Model prediksi Poltracking yang canggih (terima kasih pada istilah keren seperti SMOTE Random Forest) mencoba memetakan arah suara undecided voters tadi. Hasilnya? RK-Suswono mendapat 48,1%, sedikit unggul dibanding Pramono-Doel dengan 47,0%. Data ini mengindikasikan bahwa kemenangan RIDO akan sangat tipis, seperti upaya seorang pengemudi ojek online menemukan nomer alamat kiriman tanpa plang.

Namun, angka ini masih dalam margin of error ±3,1%. Jadi, jika Anda bertanya siapa yang menang, jawabannya adalah: siapa pun yang berhasil merayu undecided voters dengan paling banyak jargon, senyuman, dan stiker kampanye.
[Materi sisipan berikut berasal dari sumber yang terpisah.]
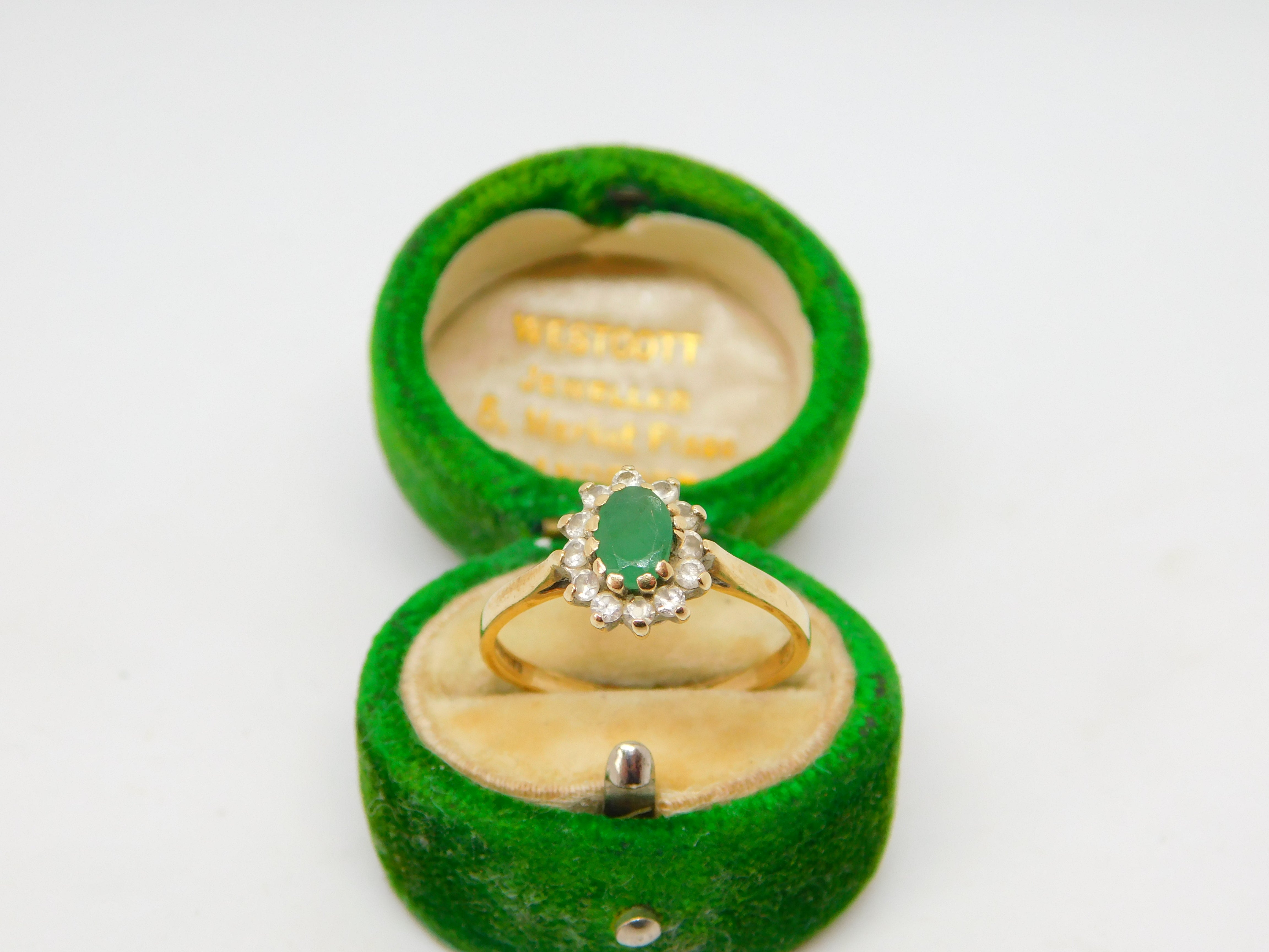 9ct Yellow Gold, Emerald & Spinel Set Floral Cluster Ring Vintage 1973 London

Bahkan, jika ada paslon yang punya duit bergunung-gunung, bisa saja menggaet dengan “serangan fajar.” Jangan lupa, orang Jakarta seperti manusia pada umumnya, cenderung berubah pikiran seperti gonta-ganti playlist lagu saat macet.

Skenario Pilkada ini seperti main catur dengan dua alternatif akhir. Pilihan pertama: Pilkada berlangsung dua putaran, dan kita harus bersabar menyaksikan duel lanjutan RK vs Pram —sebuah sequel yang mungkin lebih menarik dari Clash of the Titans. Pilihan kedua: RK menang tipis di putaran pertama, dengan bantuan undecided voters yang akhirnya memutuskan untuk “pilih yang ini aja, deh”, atau “karena sesuai pilihan ulama.”
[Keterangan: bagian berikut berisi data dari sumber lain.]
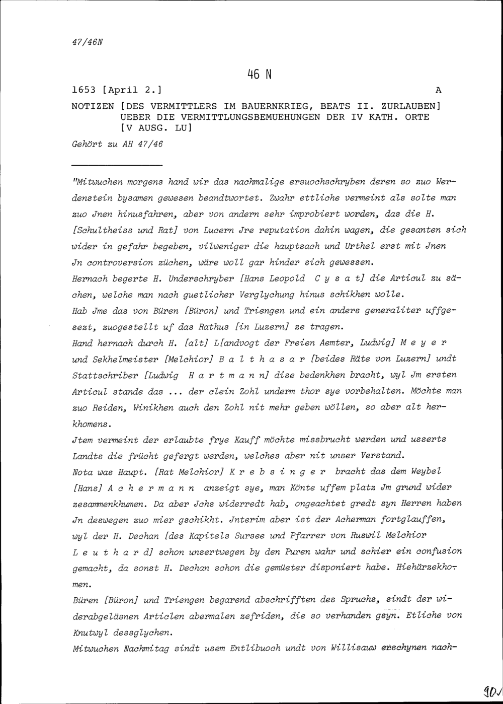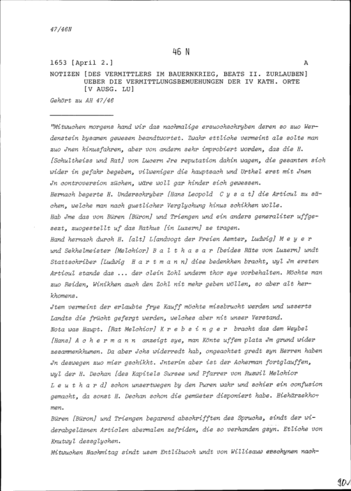 Notiz von Beat II. Zurlauben, Vermittler im Bauernkrieg über die Vermittlungsbemühungen...

Namun, di tengah segala prediksi ini, satu hal yang perlu kita ingat, hasil survei hanyalah potret sesaat —seperti selfie dengan filter, hasil akhirnya bisa berbeda tergantung sudut pandang dan pencahayaan.

Hasil pastinya berada di tangan warga yang menyadari, Pilkada ini bukan hanya soal memilih pemimpin, tetapi juga soal menentukan siapa yang akan memikul beban menghadapi banjir, macet, kemiskinan, kekumuhan, kemajemukan, dan protes di media sosial.

Lebih afdal jika Anda sudi merenungkan pesan bijak dari para tokoh dunia yang mengingatkan pentingnya partisipasi dalam politik. Ali bin Abi Thalib ra, sepupu Nabi Muhammad Saw yang juga seorang politisi, pernah berkata, “Kezaliman akan terus ada, bukan karena banyaknya orang-orang jahat, tapi karena diamnya orang-orang baik.”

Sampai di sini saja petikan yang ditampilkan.